Earl Mills is Chief Flying Eagle of the Mashpee Wampanoag, and has been since a consensus of the tribe asked him to assume that role in 1956. He is a master chef who owned and ran the Flume restaurant. He wrote a wonderful cookbook with native recipes from that time. He authored Son of Mashpee about his recollections of growing up Wampanoag. In his new book, Talking with the Elders of Mashpee, he expands the information of his past work. The book is not only a glimpse of 20th century Indian life but it's very Cape Cod. Living through Prohibition, and the Depression, Mills considered his family “rich.” Good friends, good food, good community – all reflected in his memory archive.
Taping interviews with 12 elders all over 75, between 1970-86, he transcribes even the “Cape Cod twang” of his own father talking at length about how to corn herring. Interviews, photos, and thumbnails describe many interesting details about people such as Eben Queppish, a hunting and fishing guide who also appeared in Buffalo Bill Cody’s Wild West show, or High Eagle (William James), a particularly handsome man, who gave spirit walks accompanied by stories to experience wind, rain, and night itself. Some folks dressed in regalia full time; some had memories of native-speaking relatives still living in wetus; some were the best cooks of muskrat or fried oysters; some granmas knew which herbs to gather, who kept cows, chickens and pigs. Members of famous surnames of M
ashpee, such as Coombs, Pocknett, Peters, Webquish, are well represented.
From an outdoor privy and hand pump to indoors plumbing, from horse and buggy trips that could require a day to get to get to Plymouth via Cataumet and other towns, from descriptions of the town by the Great Water (Massipee) (Mashpee/Wakeby ponds) and the sea at Poponessett where his people celebrated and clam-baked, we see the past. Mills describes the food quest through the year, the what and how of planting and fishing, hunting (for deer, partridge or rabbit), tonging for shellfish, eeling, going after skunk as a delicacy and using its oil as a curative in cold weather; berrying for strawberries, raspberries, blueberries, beach plums; harvesting and curing herring -- and always cooking. The book will make you hungry with its mouth-watering meals.
There is a lot about tribal re-emergence, the search for an identity that had been suppressed that began in the late 1800s and took off with Clinton Haynes, Wild Horse, in the 1930s – emerging more fully with Mills himself, when pan-Indianism began to flourish. Town politics (mostly Republican) as well as tribal organization is illuminated with many archival pieces. There is lots of information about the Indian Meeting House and its reclamation, which Mills was a big part of.
The chief also talks about the history of powwow. He lets us into tribal ceremony, especially the all-important pipe, the sacred tobacco, and other rituals.
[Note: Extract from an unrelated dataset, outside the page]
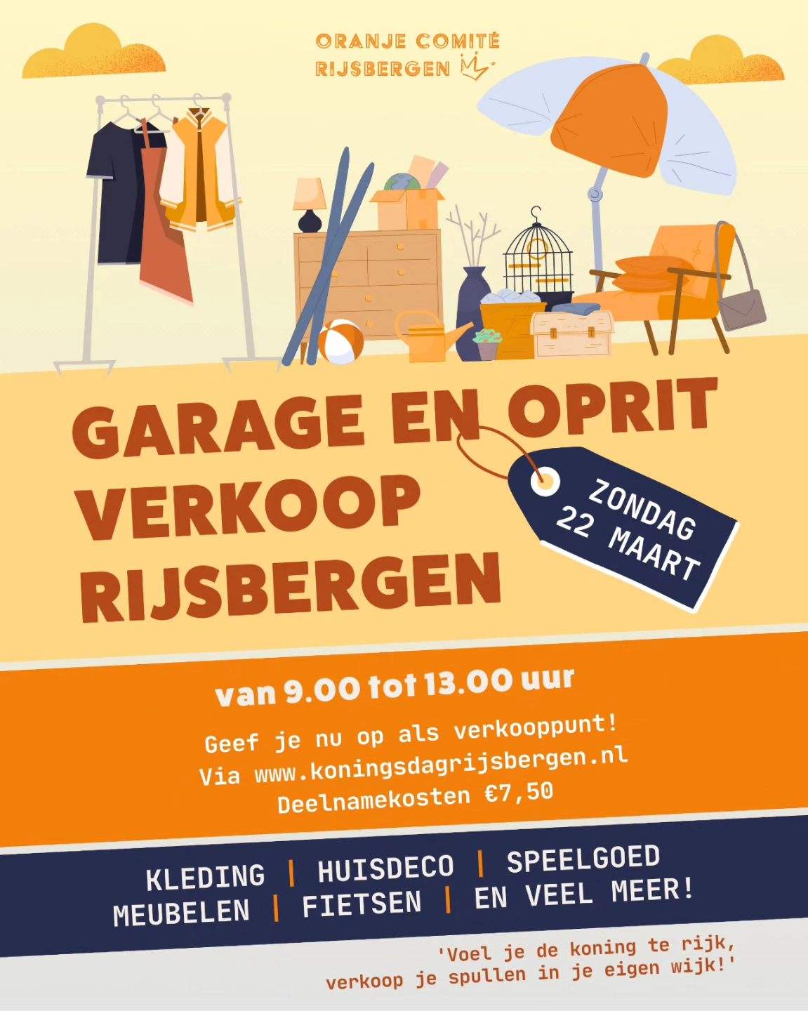 Op zondag 22 maart 2026 organiseert het Oranjecomité Rijsbergen de 5e editie van de Garage-/Opritverkoop!

He gives us anecdotes about his own growing up, work people did besides their regular jobs, such as scalloping and cranberrying, written with such meticulous detail you could reconstruct these activities from his words. He talks about chores he himself did, work he liked (and some amusing stuff that he did not) and lets us see the daily life of the Cape during World War Two: rationing, blackouts and Victory Gardens.
The book is typical Mills: ebullient, endearing, informative, amusing, wise. I can’t wait for the next one in the series.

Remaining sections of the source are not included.